The Most Famous Malwares in APTA

During my talks and during my daily working life people asks me about the most interesting Malware used to perform Advanced Persistent Targeted Attacks (APTA). So I decided to give my personal answer in this post, beeing concious that things would change pretty soon.

Lets start with Stuxnet, maybe one of the most known APTA known in the history, also responsible to giving pubblic begin to the cyber-espionage.

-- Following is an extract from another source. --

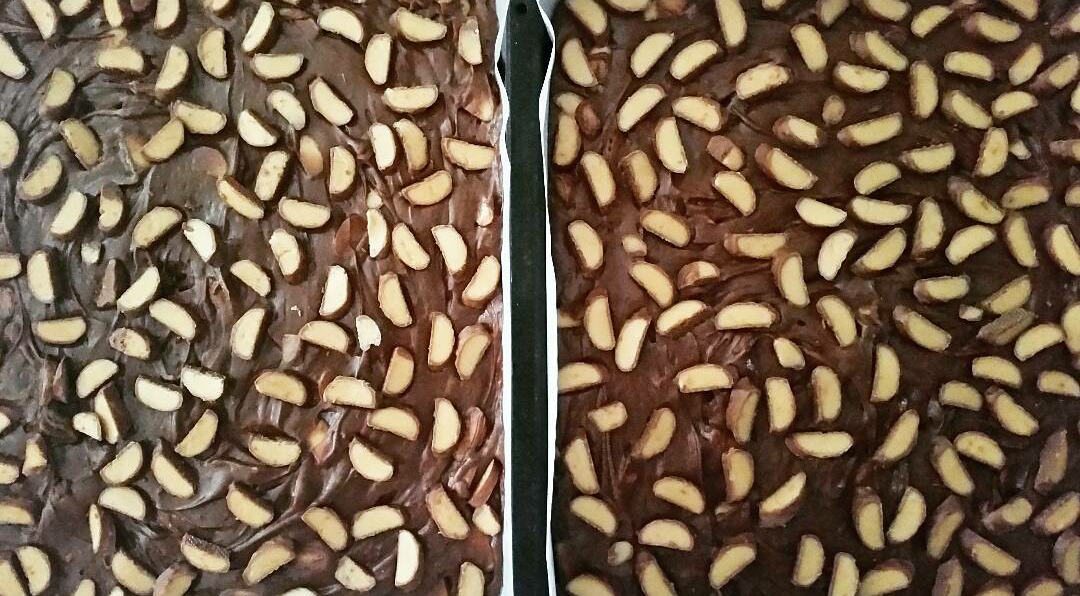 Stuffed with chopped toblerone and freshly toasted flaked almonds. Topped with melted toblerone and more toasted almonds. Nubbly, almondy, rich and fudgy.

Stuxnet is a computer worm that was discovered in June 2010. It was designed to attack industrial Programmable Logic Controllers or PLCs. PLCs allow the automation of electromechanical processes such as those used to control machinery on factory assembly lines, amusement rides, or centrifuges for separating nuclear material. Exploiting four zero-day flaws, Stuxnet functions by targeting machines using the Microsoft Windows operating system and networks, then seeking out Siemens Step7 software. Stuxnet reportedly compromised Iranian PLCs, collecting information on industrial systems and causing the fast-spinning centrifuges to tear themselves apart. Stuxnet’s design and architecture are not domain-specific and it could be tailored as a platform for attacking modern SCADA and PLC systems (e.g. in the automobile or power plants), the majority of which reside in Europe, Japan and the US.Stuxnet reportedly ruined almost one-fifth of Iran's nuclear centrifuges.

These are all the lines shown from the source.